ZelC is a declaration:
Security deserves its own language.
Compliance deserves evidence by default.
Automation deserves guardrails.
The modern era deserves modern tools.

Rocheston ZelC Language 🔥

Write it. Run it. Prove it. ✅

ZelC Feature

What is ZelC?

ZelC is a domain-specific language designed specifically for cybersecurity operations, combining human-readable syntax with powerful automation capabilities for security teams.

🔒 Security First

Built-in "Safety First" pre-flight checks, taint analysis, and read-only-by-default execution model ensure your security operations never compromise security.

📝 Evidence-Based

Every action creates immutable audit trails, compliance evidence, and blockchain-anchored proof artifacts for complete operational transparency.

☁️ Cloud Native

Native integrations with AWS, Azure, GCP, Kubernetes, and major security platforms for seamless multi-cloud security operations.

🧠 AI-Powered

Integrated AINA (AI Security Governance) for threat intelligence, anomaly detection, and intelligent security decision-making.

Kinetic Actions

Explicit "do" blocks for state-changing operations, ensuring destructive actions are clearly visible and intentional.

⛓️ Blockchain Proof

Rosecoin integration provides cryptographic proof of operations, timestamps, and immutable evidence chains for compliance.

ZelC Feature

Visual Grammar & Metaphors

ZelC uses a Visual HUD Protocol with marginal icons to identify scopes and actions, abandoning traditional syntax in favor of intuitive visual indicators.

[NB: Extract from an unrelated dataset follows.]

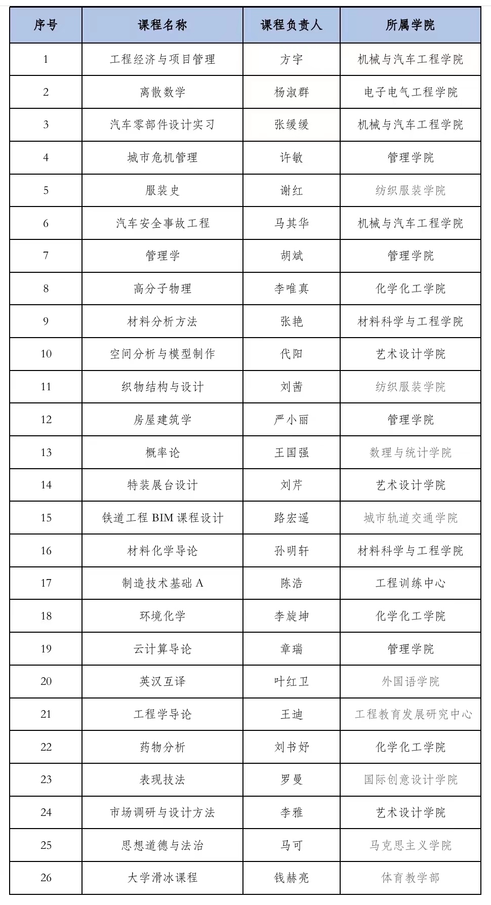近日,上海市教委发布了《上海市教育委员会关于公布2023年度上海高校市级重点课程立项名单的通知》(沪教委高〔2023〕38号),我院《高分子物理》等3门课程获得2023年度上海高校市级重点课程立项。立项课程具体名单如下:
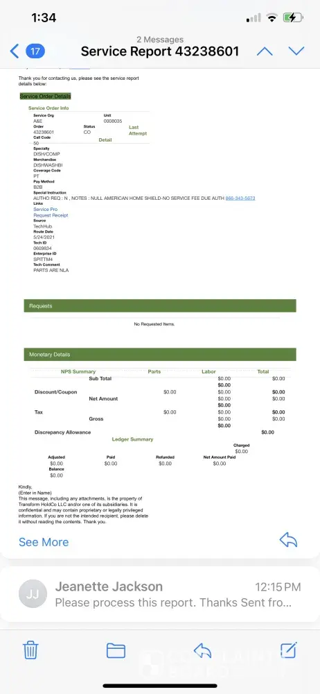 American Home Shield finally approved the parts replacement and told us that the parts were scheduled for delivery on July 3, 2021.

PROTOCOL: Visual indicators replace braces and semicolons
PHILOSOPHY: Code structure should be immediately visible
BENEFIT: Reduced cognitive load for security analysts
Icon Name Keywords Description
⭕️ Scope Open check, while, when Initiates a new logical block - the scope is "hot" and active
🔴 Scope Close end Terminates the current block - sealed and "cold"
Kinetic do State-changing operations (write, delete, block, ban)
🔹 Static set, keep Read-only or memory operations
📦 Manifest Open { Opens a structured data container
🛑 Manifest Seal } Closes/seals a data container
⚙️ Config keep, const Immutable system constants

Domain Module Indicators

Module Icon Usage
AINA (AI) 🧠 analyze, correlate - Deep Learning operations
ROSECOIN ⛓️ anchor, verify - Blockchain proof
CLOUD ☁️ aws, azure, gcp - Infrastructure
SECURITY 🔒 iam, access, lock - Permissions
ALERTS 🚨 alert critical - P0 interrupt
EVIDENCE 📝 evidence record, audit log - Compliance
DEFENSE 🚧 block, contain - Blast radius limits
DEBUG 🐞 trace, catch - Error handling
NOTIFY 🔔 message, ping - Operator awareness
CAUTION ⚠️ warn, dry_run - Pre-flight safety
HAZARD ☢️ nuke, sanitize - Hazardous ops

THE ZELC FILE SYSTEM (ZFS)

🛑

Text is slow in crises.

Emoji‑Native Kinetic Semantics.

🎯

Instant intent + risk.

👀

You don’t read ZelC — you see it.

UPDATE: Content includes the 🐯 Tiger classification (adversary simulation) where applicable.

1. THE KINETIC STANDARD

ZelC files are strictly typed by their operational physics. The compiler enforces behaviors based on these visual markers.

⚡ The Core (The Machine)

Extension Context The Kinetic Meaning
.⚡ Source Code Kinetic Energy. The live wire. Active code that can change state. Treated as “High Voltage.”
.⚙️ Constraints The Governor. Defines blast radius, rate limits, and safety boundaries.
.🔑 Secrets The Ignition. Keys to unlock kinetic action. Compiler auto‑adds to .gitignore.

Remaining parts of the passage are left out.